The reason the screenshot was showing offline was I plugged the bit ten to my pc and when the settings loaded (synced bit ten>pc), I saved the .dip file to my desktop. I then unplugged it from the bit ten (to not change anything) and opened the file in off line mode to take the screenshots. 

I'll be going to the shop tomorrow to get the .dip file from the tune they did as they said I might have reset it when I plugged in my laptop. I don't think that is the case I said as I didn't run any configuration wizard or synced the settings from pc>bit ten. We'll see tomorrow. I sure hope there's a mistake and if it turns out that this the tune i paid for, i will ask nicely that they do it again as they claimed they gave me the advanced tune.

The 2nd shop I went to actually did some tweaking in the system and had some of the right setup (fronts at hpf, sub with the lpf at around 80hz if i remember correctly) (didn't have the rears yet last month). They even used an RTA to balanced out the peak and valleys but couldn't do the left/right separately as my SR4 wasn't bridged right and they couldn't figure that out.
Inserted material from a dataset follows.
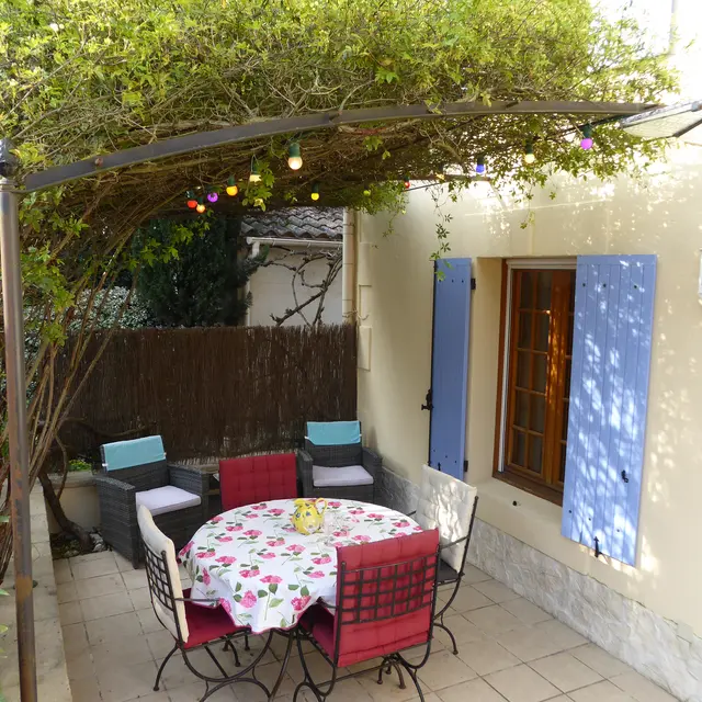 Furnished, 65 m2 Large private terrace, shaded: vine, rose climbing lounge / dining room / kitchen with windows opening on terrace. The fully equipped kitchen. 1 bedroom king-size bed, 1 with 2 single beds. l. Large garden, pool to share with other furnished.

I actually figured it out with my limited knowledge by looking at the manual of the amp of how bridged wiring looked like. The 3rd shop helped fixed this and the sound instantly made it so much better (i think this is the reason it made me think that they did actually tune it as it sounded so much better). My fault was I didn't check the settings in the bit ten before i left the shop and just took their word for it that they did the "advance tune"

Keep the feedback/ideas coming as I really appreciate them. They are helping me with my training and goal to acquire knowledge and even with just a portion of what you know can help me a long way. I'll be sure to pay it forward. 
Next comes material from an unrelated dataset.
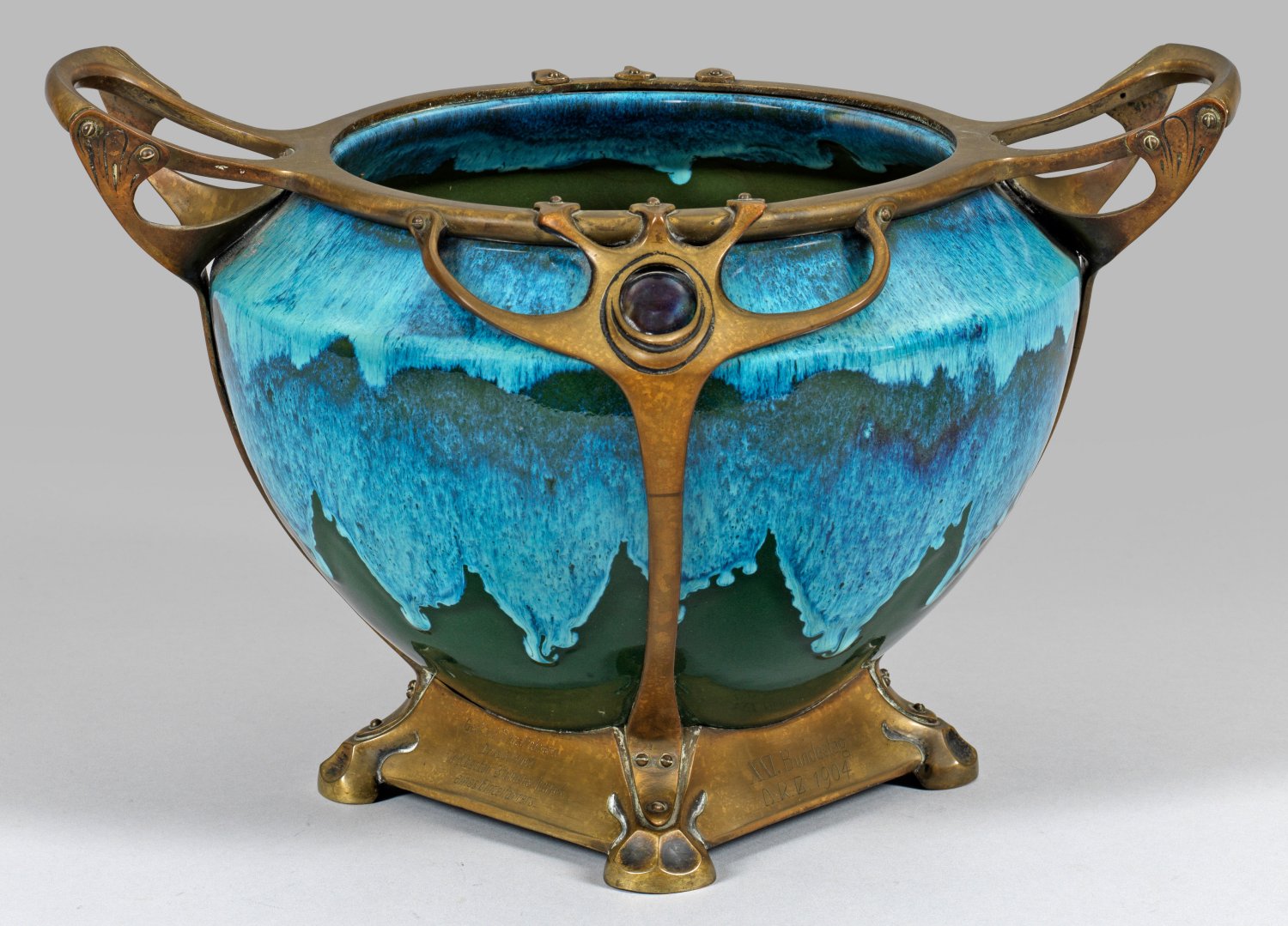 Wohl Steinzeug, hellblaue Laufglasur auf dunkelgrünem Grund. Breite, ovoide Form, diagonale Schulter, weite Öffnung. Montierung mit quadratischem Fuß. An den Ecken vier stilisierte, hochgezogene Streben, die in zwei gebogte Griffe bzw. in durchbrochene Pfauenaugenmotive mit der Glasur entsprechenden Opalglascabochons enden. Undeutl. Pressmarke unter der Glasur; die Montierung mit gravierter Inschrift "Gestiftet von den Einzelfahrern Düsseldorf's (/) Für den besten Blumenschmuck eines Einzelfahrers. (/) XXI. Bundestag D.R. B. (=Deutscher Radfahrer-Bund) 1904". H. 22,7 cm.

If there's anyone in my area who would like to experiment with my system to tune it, I'd be happy to visit/host and enjoy food and drinks while aiming for a better sounding system.


----------



## yogegoy (Feb 11, 2011)

miniSQ said:


> so you would not suggest using a HP filter for the front 3-way passives?
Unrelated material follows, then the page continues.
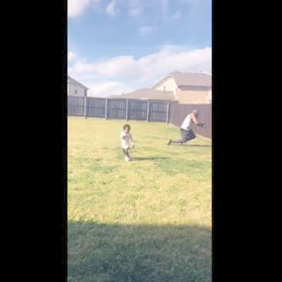 A young boy and a man balance on a brick fence next to a yard. The man loses his balance and falls backwards, disappearing behind the fence.

It's a 3 way passive which the low frequencies will be cut off if you use HPF, the same goes with a 2 way passive. Sorry I didn't realize the Bit Ten only had 6 ch outs as opposed to the Bit One which is 8ch.


----------



## dvcrogers (May 31, 2007)

If I were you, I would seek out the help of Bing and Joey at Simplicity in Sound. Take your vehicle to them and be done with this tuning nightmare. I'm not qualified to offer any tuning help, but I know Bing and Joey will get you fixed up in no time.


----------



## SouthernSlam2013 (Jun 27, 2013)

Would readers offer professional tuners in the southern CA region for the Bit10?


----------



## sqnut (Dec 24, 2009)

Do You have a mic and something like REW to measure your response? I can help in taking you step by step with the bit10 and dial your tune in....


----------



## CriticalMach (Mar 16, 2016)

sqnut said:


> Do You have a mic and something like REW to measure your response? I can help in taking you step by step with the bit10 and dial your tune in....


Is that offer still on the table? I have a Dayton UMM-6 USB mic coming next week to use with REW to tune my Bit Ten install.


----------



## LPFE42 (Aug 7, 2016)

How do you get the white noise tuned out when the volume is turned all the was down?????????
Please Help


----------



## jtaudioacc (Apr 6, 2010)

LPFE42 said:


> How do you get the white noise tuned out when the volume is turned all the was down?????????
> Please Help


that's a bonus feature of the bit products.


----------



## LPFE42 (Aug 7, 2016)

Great..... hell we cant even get the Drc to power up


----------



## SkizeR (Apr 19, 2011)

LPFE42 said:


> How do you get the white noise tuned out when the volume is turned all the was down?????????
> Please Help


very simple solution.. remove yours, buy another product


----------



## LPFE42 (Aug 7, 2016)

jtaudioacc said:


> that's a bonus feature of the bit products.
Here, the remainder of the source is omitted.